Try it:
For the data below, give again exactly the lines from the one containing "分享 Typecho SHIYI-TI" through the one containing "オーディオテクニカ ATH-M20xBT WH", both ends included, and no others.

Material for this task:
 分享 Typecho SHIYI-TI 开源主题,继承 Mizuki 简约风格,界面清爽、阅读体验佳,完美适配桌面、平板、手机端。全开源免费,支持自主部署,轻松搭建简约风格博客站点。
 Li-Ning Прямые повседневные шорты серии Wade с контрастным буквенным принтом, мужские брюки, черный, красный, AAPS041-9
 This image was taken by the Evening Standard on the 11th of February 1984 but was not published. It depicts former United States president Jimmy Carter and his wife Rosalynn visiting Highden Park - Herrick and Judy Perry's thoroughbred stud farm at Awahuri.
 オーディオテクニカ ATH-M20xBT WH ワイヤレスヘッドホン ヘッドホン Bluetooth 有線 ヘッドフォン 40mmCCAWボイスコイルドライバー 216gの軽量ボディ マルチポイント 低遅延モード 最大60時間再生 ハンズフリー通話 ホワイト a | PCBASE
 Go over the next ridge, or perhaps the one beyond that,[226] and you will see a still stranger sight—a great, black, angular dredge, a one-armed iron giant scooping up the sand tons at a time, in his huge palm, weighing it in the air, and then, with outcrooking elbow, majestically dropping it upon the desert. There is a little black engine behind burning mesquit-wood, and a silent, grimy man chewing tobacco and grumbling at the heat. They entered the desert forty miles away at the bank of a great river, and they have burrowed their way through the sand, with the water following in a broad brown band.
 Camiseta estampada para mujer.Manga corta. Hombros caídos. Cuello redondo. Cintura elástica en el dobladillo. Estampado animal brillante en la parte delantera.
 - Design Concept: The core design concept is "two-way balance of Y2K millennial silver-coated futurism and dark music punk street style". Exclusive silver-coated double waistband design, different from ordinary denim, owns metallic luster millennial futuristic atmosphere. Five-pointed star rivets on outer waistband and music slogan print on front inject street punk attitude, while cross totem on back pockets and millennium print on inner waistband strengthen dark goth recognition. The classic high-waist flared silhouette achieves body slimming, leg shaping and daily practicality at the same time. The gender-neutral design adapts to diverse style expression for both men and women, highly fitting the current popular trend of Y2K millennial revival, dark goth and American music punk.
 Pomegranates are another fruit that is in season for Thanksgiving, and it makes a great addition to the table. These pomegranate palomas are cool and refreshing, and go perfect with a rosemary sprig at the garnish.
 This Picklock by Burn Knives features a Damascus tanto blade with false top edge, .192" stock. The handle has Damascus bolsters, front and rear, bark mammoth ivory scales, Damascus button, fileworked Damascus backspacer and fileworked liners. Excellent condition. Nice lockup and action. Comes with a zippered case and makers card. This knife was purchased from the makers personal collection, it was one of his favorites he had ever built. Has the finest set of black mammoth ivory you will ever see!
---
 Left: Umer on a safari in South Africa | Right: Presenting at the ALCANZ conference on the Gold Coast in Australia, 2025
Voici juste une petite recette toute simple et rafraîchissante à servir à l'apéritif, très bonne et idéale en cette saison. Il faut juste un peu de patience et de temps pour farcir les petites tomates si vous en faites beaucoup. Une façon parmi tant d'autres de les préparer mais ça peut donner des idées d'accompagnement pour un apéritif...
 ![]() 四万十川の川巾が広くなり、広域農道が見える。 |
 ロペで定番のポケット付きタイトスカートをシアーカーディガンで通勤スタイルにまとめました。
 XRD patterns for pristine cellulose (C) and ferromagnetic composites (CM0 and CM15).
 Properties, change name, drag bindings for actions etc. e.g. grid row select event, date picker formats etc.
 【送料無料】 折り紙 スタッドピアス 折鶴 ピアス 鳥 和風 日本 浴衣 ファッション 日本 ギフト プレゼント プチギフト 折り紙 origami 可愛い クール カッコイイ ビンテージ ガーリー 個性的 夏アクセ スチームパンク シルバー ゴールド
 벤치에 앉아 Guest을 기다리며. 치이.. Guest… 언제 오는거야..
--
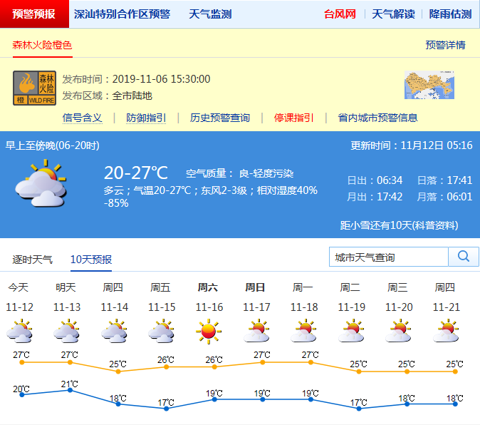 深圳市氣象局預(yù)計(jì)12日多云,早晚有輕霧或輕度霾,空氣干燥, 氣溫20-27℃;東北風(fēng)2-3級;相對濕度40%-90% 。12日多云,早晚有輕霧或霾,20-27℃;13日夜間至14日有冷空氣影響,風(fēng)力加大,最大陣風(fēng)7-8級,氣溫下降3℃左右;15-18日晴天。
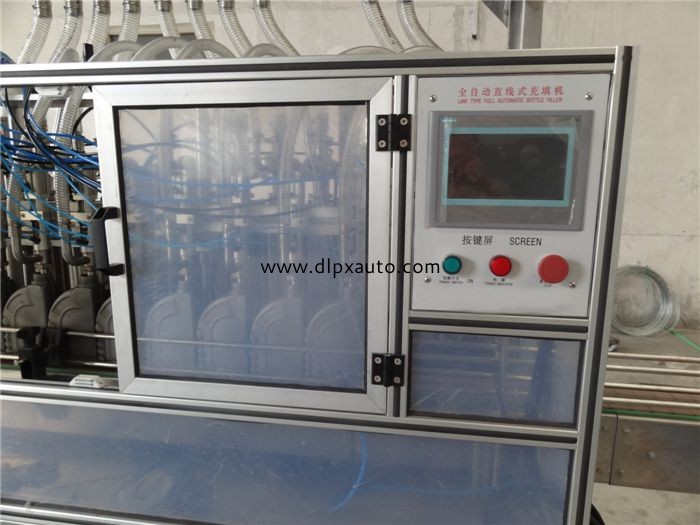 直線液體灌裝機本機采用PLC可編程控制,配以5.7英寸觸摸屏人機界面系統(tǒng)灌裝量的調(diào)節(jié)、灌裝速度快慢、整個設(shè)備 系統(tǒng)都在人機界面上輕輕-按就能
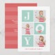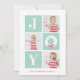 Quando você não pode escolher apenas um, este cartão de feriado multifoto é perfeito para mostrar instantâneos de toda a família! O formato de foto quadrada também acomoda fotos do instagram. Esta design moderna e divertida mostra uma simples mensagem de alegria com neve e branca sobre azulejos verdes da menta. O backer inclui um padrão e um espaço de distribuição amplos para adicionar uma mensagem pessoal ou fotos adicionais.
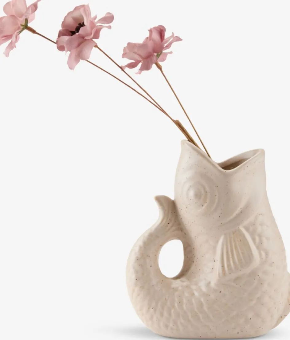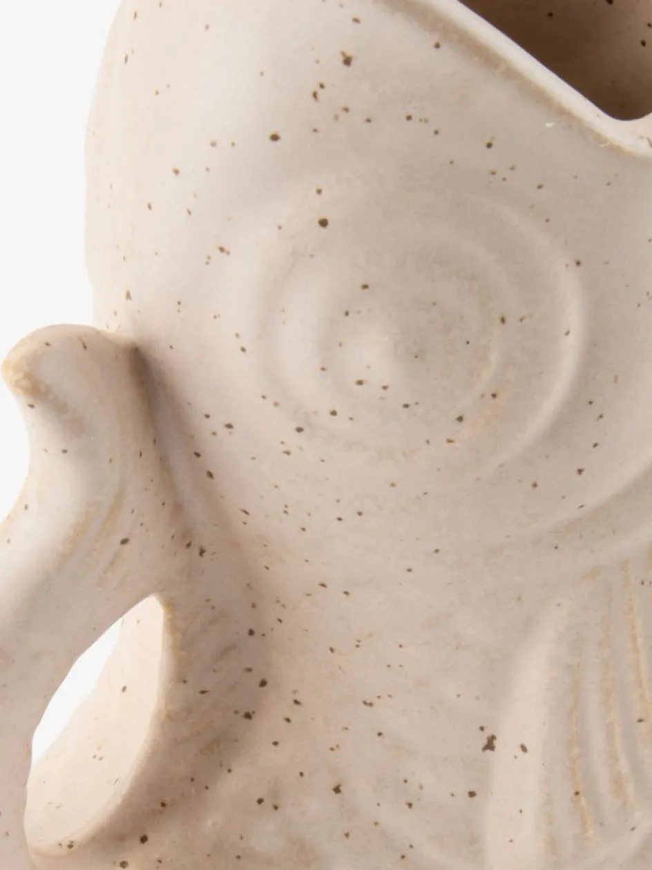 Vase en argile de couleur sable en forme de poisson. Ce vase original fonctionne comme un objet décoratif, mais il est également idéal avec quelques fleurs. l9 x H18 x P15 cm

The completed task:
 分享 Typecho SHIYI-TI 开源主题,继承 Mizuki 简约风格,界面清爽、阅读体验佳,完美适配桌面、平板、手机端。全开源免费,支持自主部署,轻松搭建简约风格博客站点。
 Li-Ning Прямые повседневные шорты серии Wade с контрастным буквенным принтом, мужские брюки, черный, красный, AAPS041-9
 This image was taken by the Evening Standard on the 11th of February 1984 but was not published. It depicts former United States president Jimmy Carter and his wife Rosalynn visiting Highden Park - Herrick and Judy Perry's thoroughbred stud farm at Awahuri.
 オーディオテクニカ ATH-M20xBT WH ワイヤレスヘッドホン ヘッドホン Bluetooth 有線 ヘッドフォン 40mmCCAWボイスコイルドライバー 216gの軽量ボディ マルチポイント 低遅延モード 最大60時間再生 ハンズフリー通話 ホワイト a | PCBASE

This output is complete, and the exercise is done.